Zipf law plot (frequency as function of frequency rank) for various texts.
The languages, texts and the word frequency files are:
[[Latin]]. The first four books (the ''Gospels'') from the Latin version (''Vulgate'') of the ''New Testament'', edited by [[St. Jerome]] around 400 CE. Converted to lowercase.
* Book 1 - ''Gospel of Matthew''. Sample: ''liber generationis iesu christi filii david filii abraham abraham genuit'' [...] ''ecce ego vobiscum sum omnibus diebus usque ad consummationem saeculi''. File latn/nwt/mat.1/gud.wfr (16431 words, ''N'' = 3911 distinct).
* Book 2 - ''Gospel of Mark''. Sample: ''initium evangelii iesu christi filii dei sicut scriptum est in esaia'' [...] ''confirmante sequentibus signis''. File latn/nwt/mrk.1/gud.wfr (10280 words, ''N'' = 2913 distinct).
* Book 3 - ''Gospel of Luke''. Sample: ''quoniam quidem multi conati sunt ordinare narrationem quae in nobis'' [...] ''erant semper in templo laudantes et benedicentes deum amen''. File latn/nwt/luk.1/gud.wfr (18004 words, ''N'' = 4406 distinct).

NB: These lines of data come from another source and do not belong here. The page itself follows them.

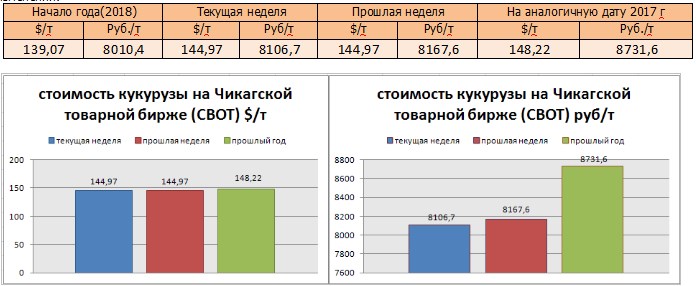 На момент написания статьи, цена кукурузы на мировых рынках (CBOT) была озвучена как 144,97 $/т или 8106,7 руб./т). По сравнению с данными прошлой недели, мы прослеживаем понижение цен в рублях. В валюте цена осталась без изменений.
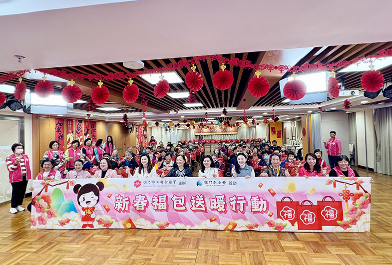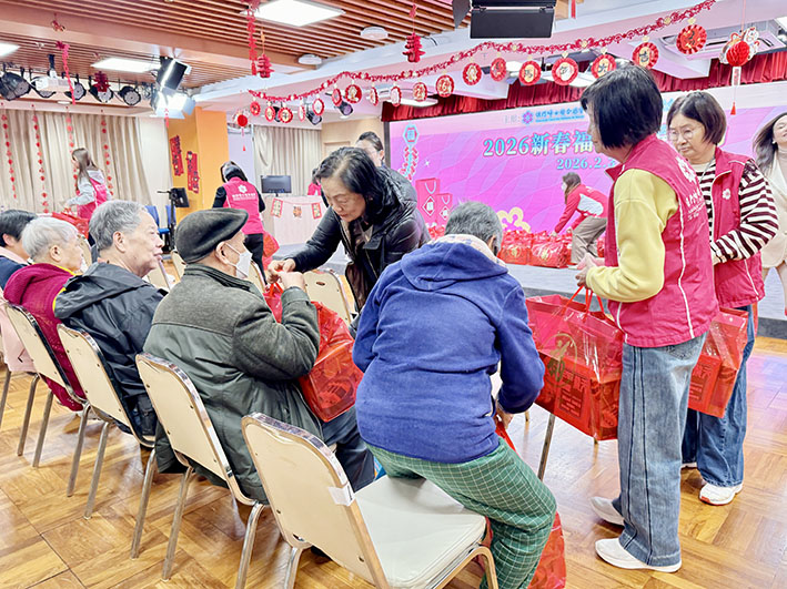 婦聯昨午舉行「2026新春福包送暖行動」,婦聯監事長容永恩、副會長周霓、盧潔兒、何凱玲、黃潔貞、副理事長羅萍、歐陽月勝、何嘉欣、副監事長蔡彩蓮,向在場長者派送福包,送上新年祝福。
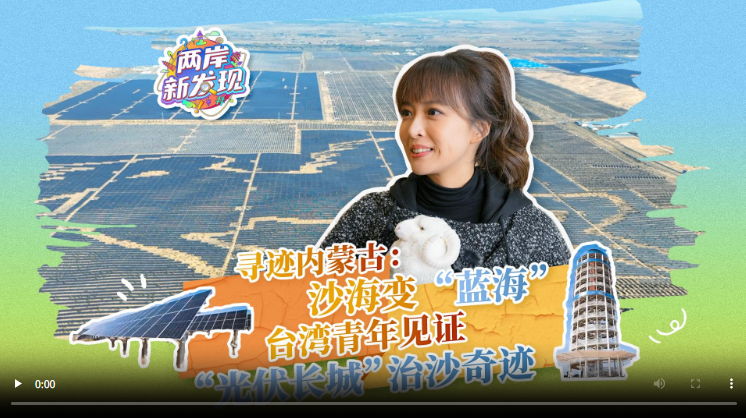 两岸新发现,内蒙古新体验!在内蒙古自治区鄂尔多斯市达拉特旗光伏领跑者基地,一片片蓝色的光伏板如海洋般铺展,构成了一道阻沙固土的“光伏长城”,实现了沙漠增绿、产业升级、富农增收,成为黄河“几字弯”生态治理、经济发展的坚实屏障。台湾青年演员姬天语将带你走进“光伏长城”防沙治沙新场景,见证“光伏+治沙”模式推进荒漠化治理的奇迹。
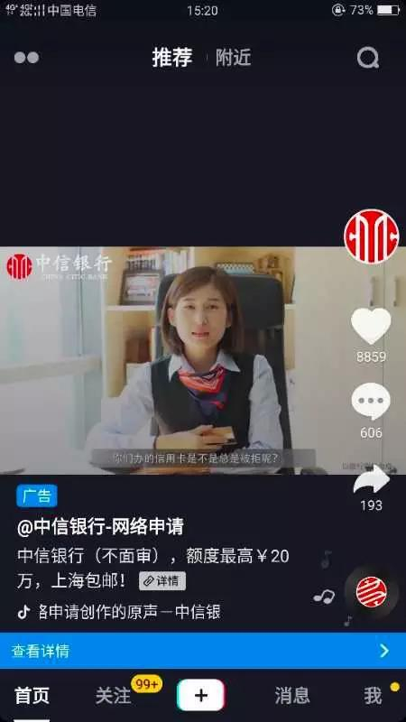 在抖音上,森林学苑发现,不仅仅互金公司,现金贷公司进行了大规模的投放。传统银行的信用卡部门也瞄准了这个新的流量帝国。
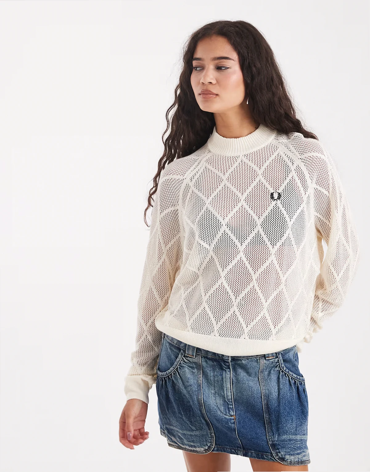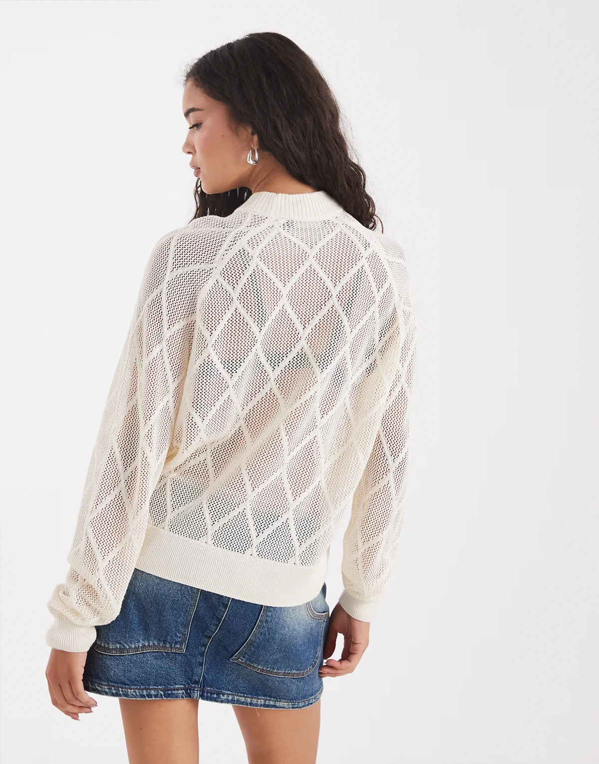 – Biały sweter z siateczkowej dzianiny w romby
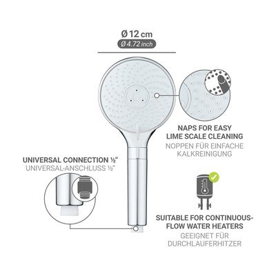 Благодарение на вградения регулатор WaterSaving дебитът може да се регулира до само 9 литра в минута, което представлява икономия от поне 35% в сравнение със стандартните душ глави. Тази душ-глава с диаметър 12 см не само подобрява външния вид на банята ви, но и спомага за опазването на околната среда, като пести вода и енергия.
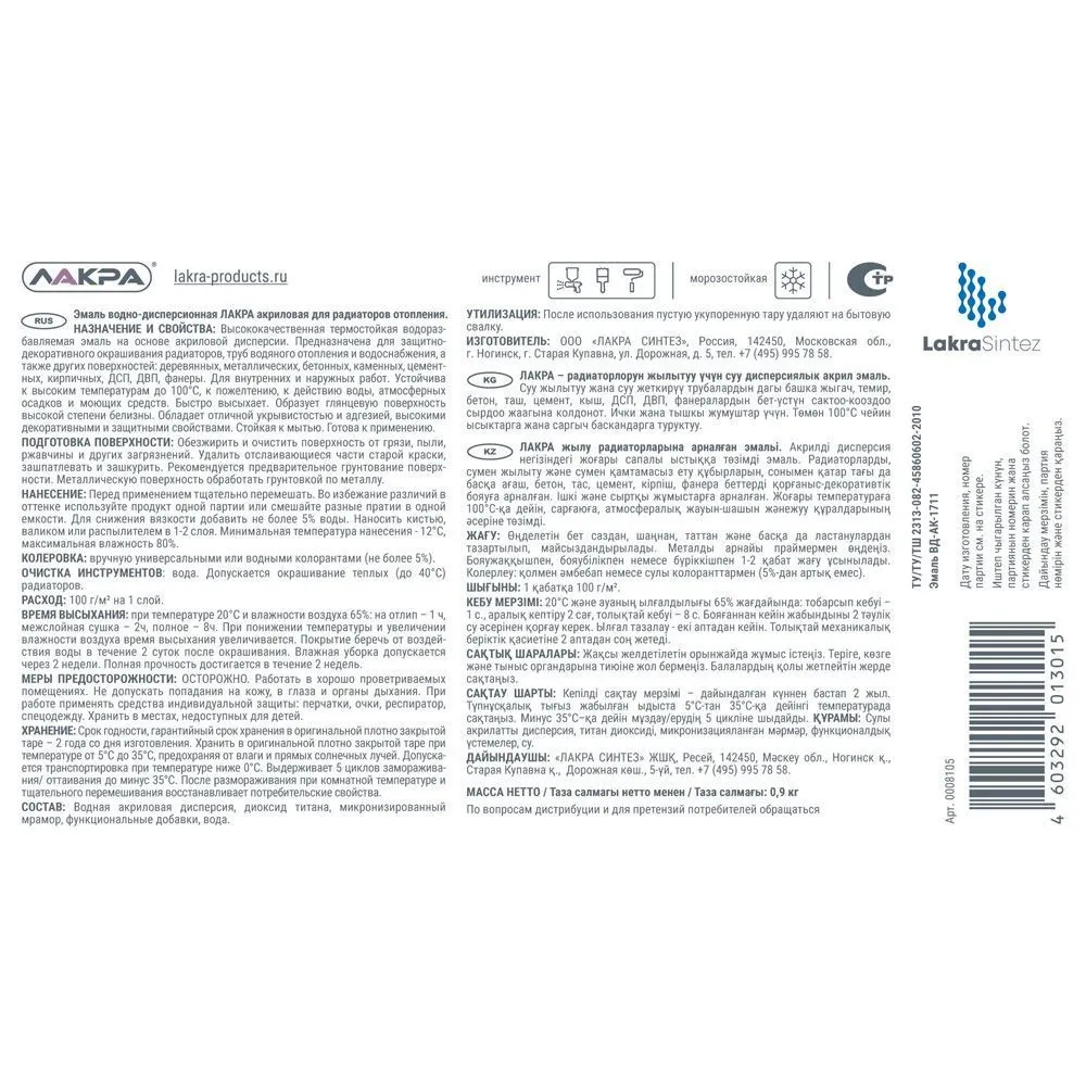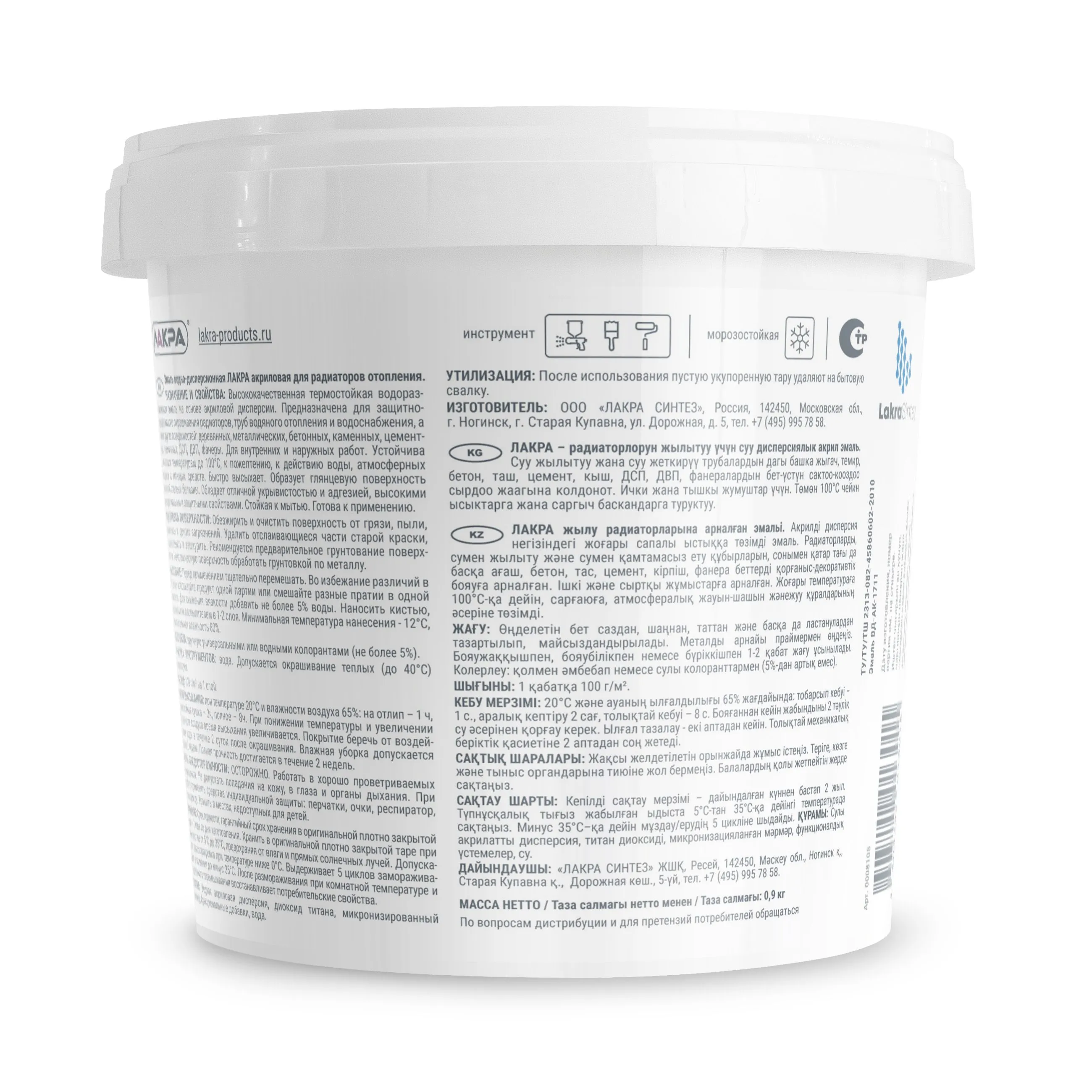 Эмаль акриловая лакра для радиаторов белая, глянцевая, 0,9 кг
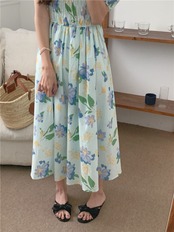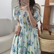 サマーカラープリーツウェストスリーブフローラルドレス エレガント 夏物 花柄 7/20 mi466604346738
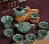 景德鎮(zhèn)9頭哥窯茶具朝日壺方圓杯豆青
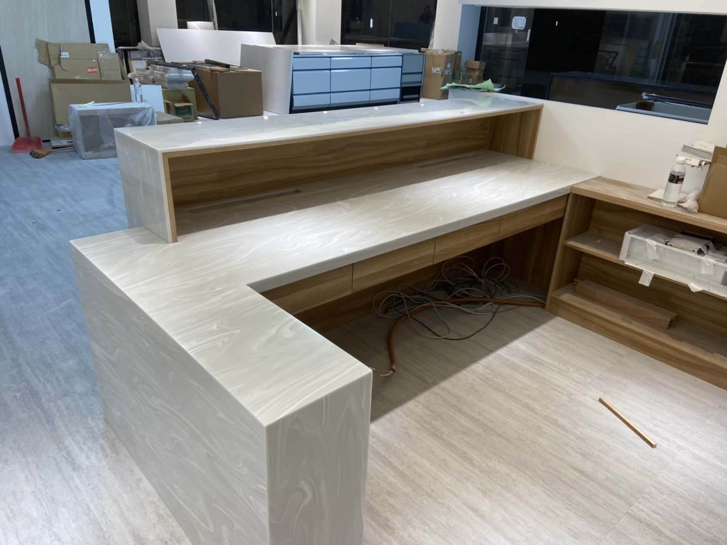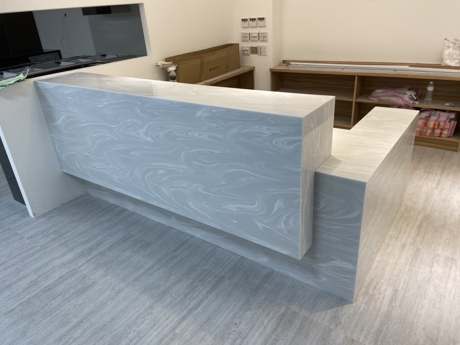 淺灰色營造出典雅、大氣的氛圍,同時也為空間帶來一種現代感。白色大波紋的設計為檯面注入了一絲活力和生氣,使得整個空間更加精緻和有品味。
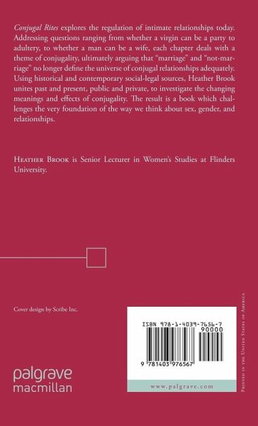 Conjugal Rites explores the legal shape of marriage as it has been determined by countless decisions concerning entry and exit into the ancient rite. Heather Brook examines the countless rules and protocols governing marriage that make it valid in the eyes of the law. She argues that the various sexual performatives associated with marriage can establish, reinforce, or rupture conjugal unity while exploring the historical and politcal regulations and prohibitions marriage has faced. Brook unites past and present, public and private, to investigate the changing meanings and effects of conjugality, and challenge the way we think about sex, gender and relationships.

* Book 4 - ''Gospel of John''. Sample: ''in principio erat verbum et verbum erat apud deum et deus erat verbum'' [...] ''eos qui scribendi sunt libros amen''. File latn/nwt/joh.1/gud.wfr (14026 words, ''N'' = 2523 distinct).
The word frequency files '*/*/*/gud.wfr' are available at the [https://www.ic.unicamp.br/~stolfi/EXPORT/projects/voynich/Notes/tr-stats/dat/ UNICAMP website]. The original annotated full texts are in the companion files */*/org/main.src. The extracted texts -- one word per line, without punctuation -- are in */*/*/gud.tlw.